Hong Kong's Jinhui Shipping and Transportation is holding back on fleet renewal due to a lack of clarity over fast-moving decarbonisation regulation.
The 18 supramaxes and post-panamaxes that the Oslo-listed company controls were built between 2002 and 2012.
Vice president Wei Man Ching told analysts on a conference call: "Why are we not rejuvenating our fleet? Well, we do not have the full confidence right now of how the regulations of vessels will trend.
"Is the next generation going to remain the current diesel engine? The actual regulation, the environmental regulation, we want more time to see how that changes.
"And if you see how newbuilding prices have been trending, while we are shying away from newbuilding prices, they keep dropping."
Ching is "cautiously optimistic" about a rebound in demand for dry bulk cargoes.
Markets looking up
"We believe that industries worldwide will eventually need to catch up, given a lot of the procurement of the cargoes — be it energy, industrial or agricultural commodities — have been pulled back, given the macro backdrop, but these will have to normalise," he said.
Scrapping has been "very, very low", but he is forecasting an upturn in recycling.
"There are a number of old tonnages in the market that will go to the scrapyard as soon as the situation allows.
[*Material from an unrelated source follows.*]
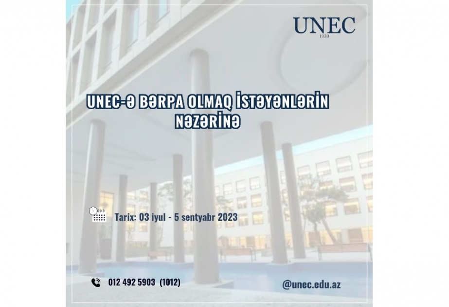 Azərbaycan Dövlət İqtisad Universitetinə (UNEC) bərpa olunmaq istəyənlər üçün sənəd qəbulu elan edilir.

We see that the scrap price is coming back up again."
He mentioned market rumours that capesizes are being torched for $400 per ldt, "so we believe the overall demand-supply situation will improve".
Financing problems
Jinhui is also banking on there being vaccines for Covid-19, hopefully by the end of the year.
"And I believe, overall, [from] what I see in Hong Kong and what I learned from friends as well as business counterparts all over the world, we are getting more and more used to how to protect ourselves against the virus," Ching said.
"So ... I see definite light at the end of the tunnel."
But he said problems with Asian cruiseship operators during lockdowns "will negatively affect lending towards the overall maritime industry ... especially for any aspiring new entrants to the industry."
"So banks will be very, very cautious to lend against the owner of ships," he added. "With this in mind, we see that the newbuildings will continue to remain in check, which is a positive news, given fragile demand side."
The company remains confident it can refinance $60.8m of its debt coming due in the next 12 months, however.